This article describes how to merge data retrieved from OpenLifeData2SADI with other SADI services using the Galaxy bioinformatics analysis platform, thus making this semantic data more amenable to complex analyses. This is demonstrated using a working example, which is made distributable and reproducible through a Docker image that includes SADI tools, along with the data and workflows that constitute the demonstration.
The combination of Galaxy and Docker offers a solution for faithfully reproducing and sharing complex data retrieval and analysis workflows based on the SADI Semantic web service design patterns.
The Semantic Web is a ‘third-generation’ web in which information is published directly as data, in machine-processable formats . With the Semantic Web, the web becomes a ‘universal database’, rather than the collection of documents it has traditionally been. As a consequence, on the Semantic Web information is retrieved by directly querying the data, rather than parsing documents, leading to more accurate results. Furthermore, automatic agents can browse the data, finding information and generating new hypotheses that would be difficult to generate for a human user alone. Though the Semantic Web is not yet pervasive, it has been deployed extensively in the life sciences, where Semantic Web technologies are used to integrate data from different resources with disparate schemas . The Semantic Web is made possible through a set of standards proposed by the WWW Consortium, including the following:
Resource Description Framework (RDF). RDF is a machine-readable data representation language based on the ‘triple’, that is, data is codified in a subject–predicate–object structure (e.g. ‘Cyclin participates in Cell cycle’, Fig. 1), in which the predicate and object (‘participates in’ and ‘Cell cycle’, respectively) describe a property of the subject (‘Cyclin’) . In RDF, it is common for entities to be the object of one triple and the subject of another triple.
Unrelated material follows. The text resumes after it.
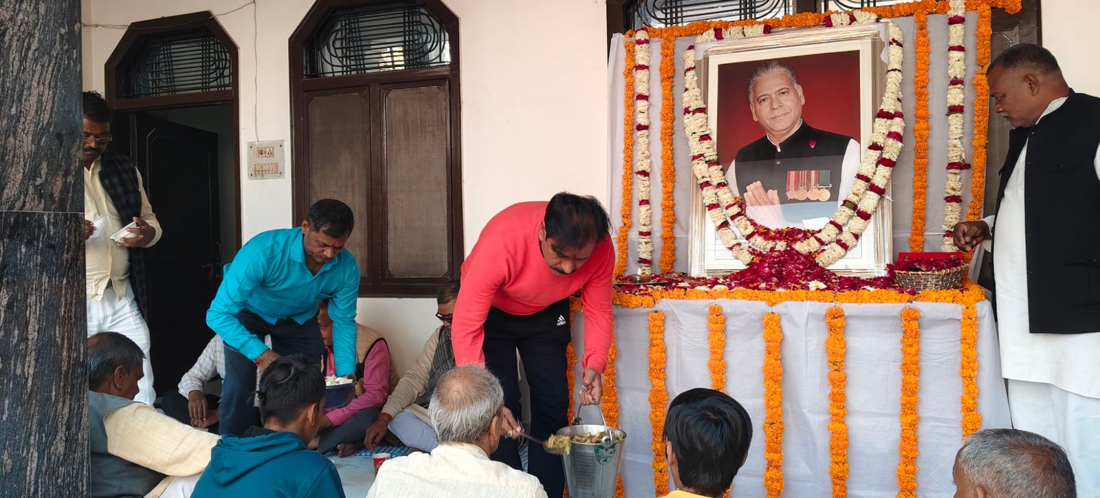 सकलडीहा। धानापुर और चिरई गांव के पूर्व विधायक स्व.रामजीत राजभर की शनिवार को नागेपुर स्थित मंत्री आवास पर 22वीं पुण्डतिथि पर श्रद्धांजली सभा का आयोजन किया गया। कैबिनेट मंत्री अनिल राजभर ने अपने पिता के पुण्डतिथि पर ब्राम्हण समाज का सम्मान के साथ भोज कराया। इस मौके पर उनके मार्ग दर्शन में जनहित और जनता का जनसेवा करने का संकल्प दोहराया। इस मौके पर काफी संख्या में लोग मौजूद रहे।

Thus triples can be connected to one another. A collection of connected triples is called a graph, and graphs are commonly stored in triple stores to facilitate their query and exploration, where the triples tore is akin to a database.
SPARQL Protocol and RDF Query Language (SPARQL). SPARQL is a query language to extract data from RDF graphs .
Web Ontology Language (OWL). OWL is a knowledge representation language for making assertions about the interpretation of data using axioms that facilitate the application of automated reasoning (e.g. ‘A protein participates in at least one biological process’) . Therefore, OWL is used to create ontologies that codify the consensus of a community about their knowledge domain. In an OWL ontology, there are several different types of entities: individuals are the actual instances of data (e.g. ‘Cyclin’, ‘Mark’, or ‘Madrid’); properties link individuals to one another (e.g. ‘Mark lives in Madrid’); and classes are combinations of logical axioms and properties that make the distinction between one kind of individual and another (e.g. ‘Protein’ or ‘Human’). Finally, individuals are assigned to a class based on the logical match between their properties, and on the class definition: for example, ‘Mark’ is a ‘Human’, because it lives in a city, and ‘Cyclin’ is a ‘Protein’, because it participates in at least one biological process.
The backbone of the Semantic Web is the fact that Uniform Resource Identifiers (URIs)  are used to identify all entities (OWL classes, instances, and properties, and RDF subjects, predicates, and objects). This allows one to refer to entities located in external resources on the web: for example, in an RDF triple, the subject might be indicated by a URI from one resource and the predicate and object by a URI from a different resource.
Identify every data item (entity or relationship) with a URI.
Make those URIs Hypertext Transfer Protocol (HTTP) resolvable, that is, when the URI is requested a document containing information about the entity can be obtained.
Provide the information using an open formatting standard when an entity is requested by HTTP. The format provided should be determined by HTTP content negotiation between the client and the server (e.g. RDF for an automatic agent, or Hypertext Markup Language (HTML) for a human user), so that the entity and its representations are decoupled. Importantly, the RDF format should always be available.
Ensure, to the greatest extent possible, that the information provided by URI resolution contains typed relations to other entities, so that the agent can traverse those relations to discover new information, analogously to how humans browse the web.
Linked Data has demonstrated clear value as a means of data publication in a machine-readable and web-resolvable fashion, opening up new possibilities for data discovery and integration . As a result, significant life sciences data providers have implemented Linked Data solutions for their resources, including UniProt , EBI RDF , and OpenLifeData , each of which contributes to the growth of the Linked Open Data cloud .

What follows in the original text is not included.